» **DATASET EXTRACT**
= Beginning of Section =
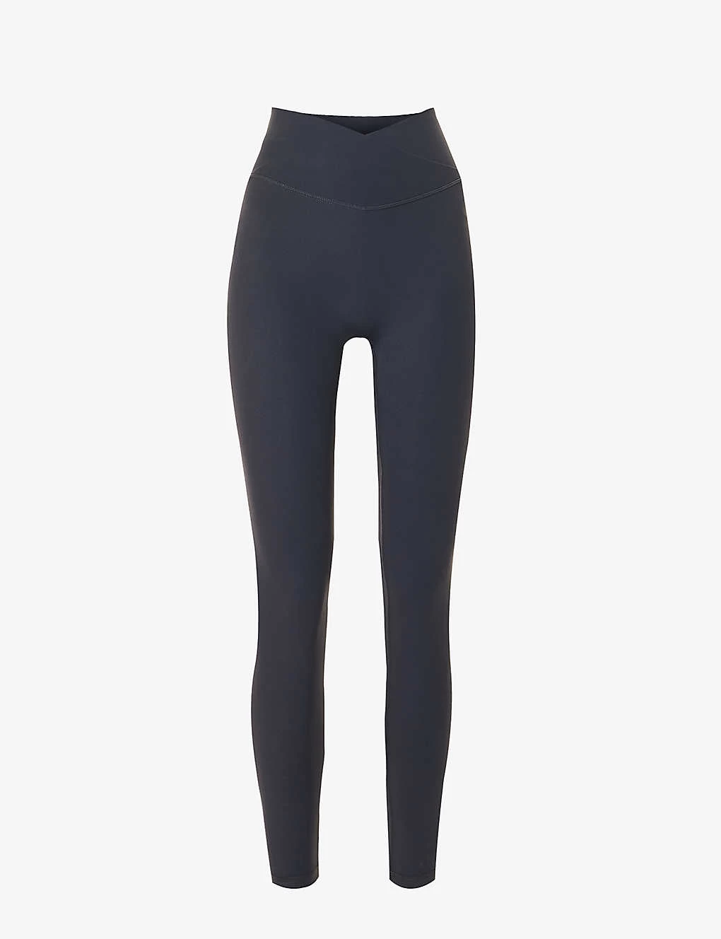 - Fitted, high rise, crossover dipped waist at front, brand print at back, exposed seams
= End of Section =
= Beginning of Section =
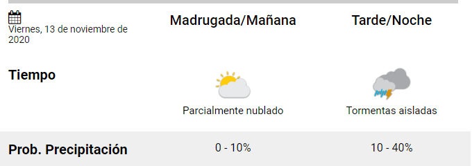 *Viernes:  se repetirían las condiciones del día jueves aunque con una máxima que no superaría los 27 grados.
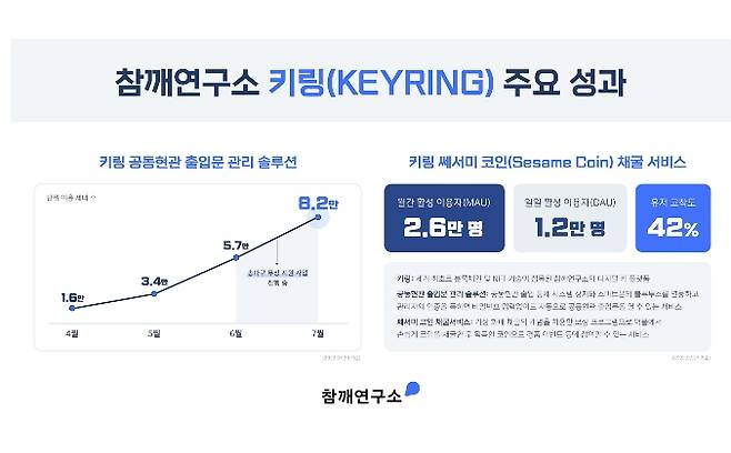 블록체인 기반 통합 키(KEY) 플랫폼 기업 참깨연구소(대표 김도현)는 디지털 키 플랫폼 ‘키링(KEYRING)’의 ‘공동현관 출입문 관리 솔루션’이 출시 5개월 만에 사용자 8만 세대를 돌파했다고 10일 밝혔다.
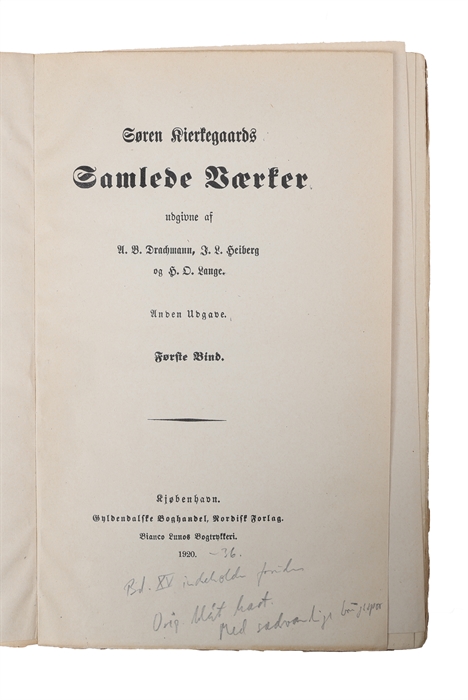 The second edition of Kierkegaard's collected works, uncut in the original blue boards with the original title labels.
= End of Section =
= Beginning of Section =
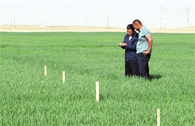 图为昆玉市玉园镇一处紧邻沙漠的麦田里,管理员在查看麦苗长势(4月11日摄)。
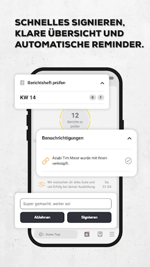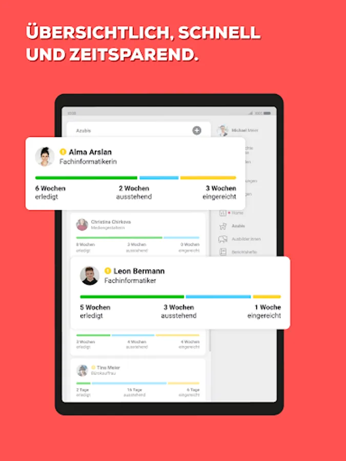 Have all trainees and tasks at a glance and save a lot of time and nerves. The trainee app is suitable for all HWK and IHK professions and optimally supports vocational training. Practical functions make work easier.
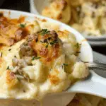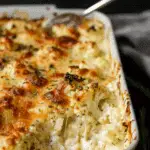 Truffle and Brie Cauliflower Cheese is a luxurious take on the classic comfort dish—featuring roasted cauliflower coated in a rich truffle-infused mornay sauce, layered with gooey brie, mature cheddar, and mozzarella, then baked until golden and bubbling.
= End of Section =
» **EXERCISE DESCRIPTION**
Starting at the line that contains "Have all trainees" and ending at the line that contains "Truffle and Brie", transcribe the material above exactly, excluding pictures.

» **SOLUTION TO THIS EXERCISE**
 Have all trainees and tasks at a glance and save a lot of time and nerves. The trainee app is suitable for all HWK and IHK professions and optimally supports vocational training. Practical functions make work easier.
 Truffle and Brie Cauliflower Cheese is a luxurious take on the classic comfort dish—featuring roasted cauliflower coated in a rich truffle-infused mornay sauce, layered with gooey brie, mature cheddar, and mozzarella, then baked until golden and bubbling.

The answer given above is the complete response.